● **REQUIREMENT**
If pictures are present, leave them out, and copy the data word for word.

● **SUPPLIED RECORDS**
:::::
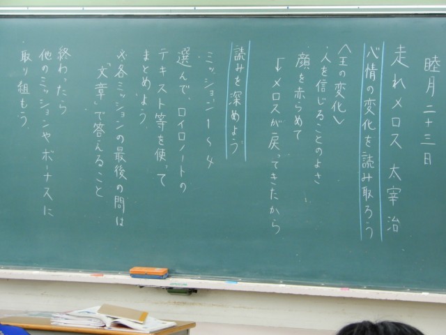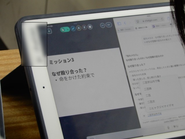2年生の国語で、「読みを深める」を課題として、事前に示されたミッションの中から各自が選択をして学習を進めていました。タブレットを活用しながら各自のペースで取り組んでいます。
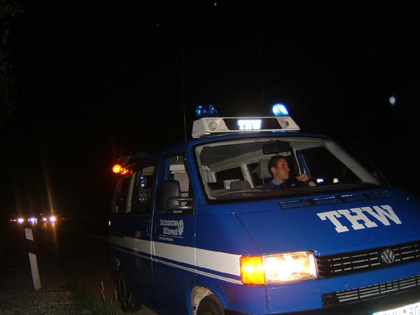 mit Hilfe der Warnblinkanlage und des Blaulichts den kommenden Verkehr. Nachdem sich gegen Mitternacht der Stau auflöste, kehrten die Helfer wieder in die Unterkunft zurück.
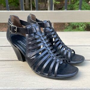 Paul Green Christy Black Caged Strappy Heels Sandals Shoes size 9
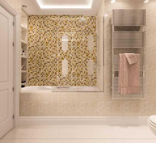 Стильный вид комнате придает отделка мелкой мозаичной плиткой бежевого, коричневого, желтого оттенков. Ванная установлена в нишу с полками для аксессуаров и отделена прозрачным экраном.
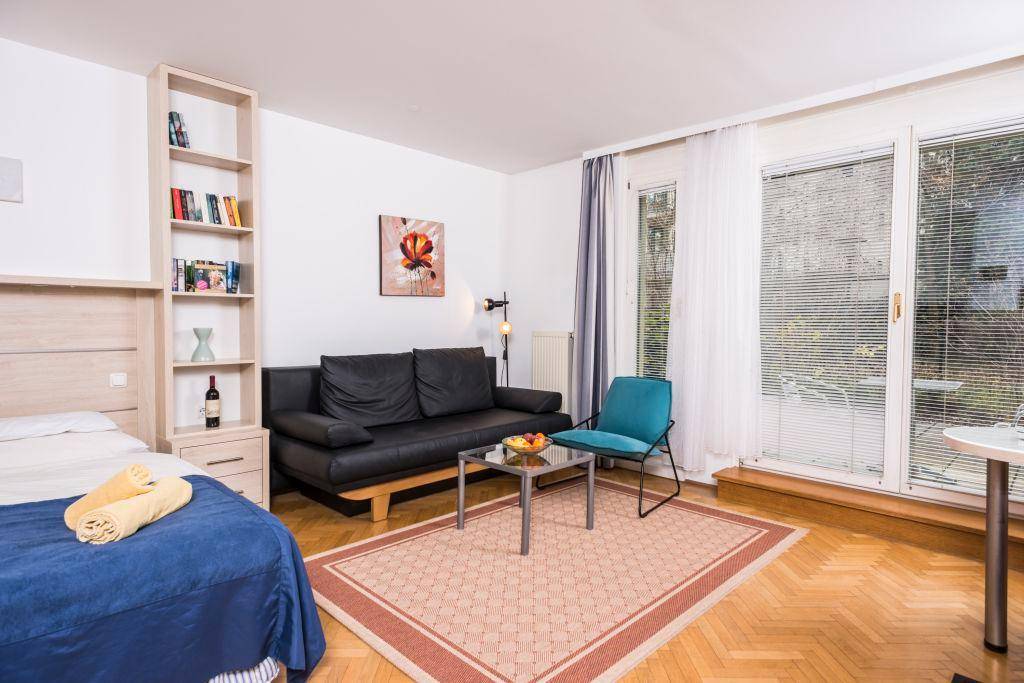 Diese 40m² Studio ist die perfekte Kombination aus Wohnen in der Stadt und Komfort im Grünen.Der Wohn-Schlafraum öffnet sich direkt in den Garten mit eigener Terrasse. Gerade in der warmen Jahreszeit ist dies ideal. Im Vorraum finden Sie ausreichend Stauraum für all Ihre Sachen. Das Badezimmer hat eine Badewanne.
:::::
● **EXERCISE RESULT**
2年生の国語で、「読みを深める」を課題として、事前に示されたミッションの中から各自が選択をして学習を進めていました。タブレットを活用しながら各自のペースで取り組んでいます。
 mit Hilfe der Warnblinkanlage und des Blaulichts den kommenden Verkehr. Nachdem sich gegen Mitternacht der Stau auflöste, kehrten die Helfer wieder in die Unterkunft zurück.
 Paul Green Christy Black Caged Strappy Heels Sandals Shoes size 9
 Стильный вид комнате придает отделка мелкой мозаичной плиткой бежевого, коричневого, желтого оттенков. Ванная установлена в нишу с полками для аксессуаров и отделена прозрачным экраном.
 Diese 40m² Studio ist die perfekte Kombination aus Wohnen in der Stadt und Komfort im Grünen.Der Wohn-Schlafraum öffnet sich direkt in den Garten mit eigener Terrasse. Gerade in der warmen Jahreszeit ist dies ideal. Im Vorraum finden Sie ausreichend Stauraum für all Ihre Sachen. Das Badezimmer hat eine Badewanne.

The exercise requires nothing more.